Attorney Wyatt B. Durrette Jr. urged the court to reinstate the students’ breach of contract lawsuit, which Lynchburg Circuit Judge Leyburn Mosby Jr. dismissed last year. Durrette said documents provided by the school including promotional materials, admission letters and the academic catalog touted its single-sex education mission.
“The students allege with specificity they were promised four years at an all-female institution,” Durrette said. “That is the bargain they seek to enforce.”
Edward J. Fuhr, attorney for what is now Randolph College, argued that marketing materials do not amount to a contract and said the academic catalog includes a disclaimer that things can change without notice. He also suggested the appeal is moot because about 60 men already are enrolled at the Lynchburg school.
The contract case was one of two lawsuits involving Randolph’s coeducation status heard back-to-back by the Supreme Court. In the other, some students and donors claim the college cannot raise money for the purpose of educating women only then spend it on something else.
The college’s board cited declining enrollment as a reason for ending its 115-year tradition of women-only education. Enrollment this year is about 700, about the same as it had been when the change was made.
Some justices voiced concern about whether the breach of contract lawsuit was tossed out prematurely, before the plaintiffs were allowed to present their case.
“It seems to me there’s going to have to be evidence,” said Justice Donald Lemons. He said the situation is akin to someone applying to a dentistry school, then enrolling and finding out it’s really a veterinary school.
Fuhr argued that students were never expressly promised that the college would remain all-female. He also said students don’t commit to stay for four years when they enroll, so “at most you had a one-semester contract.”
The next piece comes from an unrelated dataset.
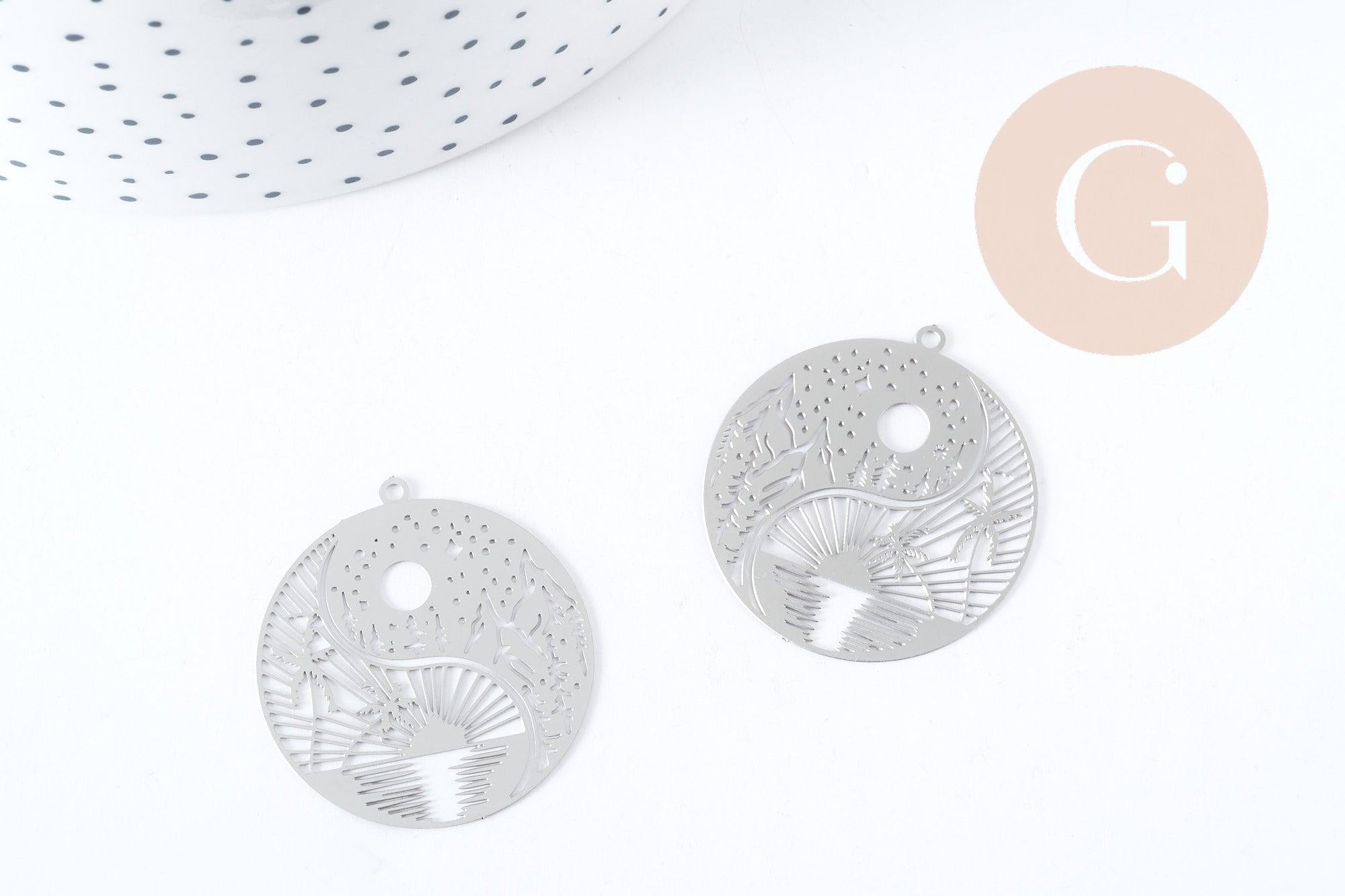 Pendentif estampe filigrane rond paysage acier 201 inoxydable argenté 32mm, Pendentif très fin et léger x1, (G8937)

Durrette disagreed, saying enrollment in a four-year college is “like a lease with an option to renew.” And in this case, he suggested, the terms were being changed midstream.
The second lawsuit, which also was dismissed by the circuit court, centered on whether charitable trust law prohibits the college from spending donations on coeducation.
“Fundamentally, it’s wrong to take assets intended for one purpose and use them for another purpose, charitable or otherwise,” plaintiffs’ attorney William Hurd told the court.
Justice Steven Agee wondered whether Hurd’s argument meant a food bank couldn’t expand its services and offer clothing for the needy. Fuhr said such an outcome would erect “a very serious roadblock to a lot of public good.”
Fuhr also argued that under the law, it would be up to the state attorney general to intervene if donations were being improperly spent.
The Supreme Court is expected to rule on the cases in June.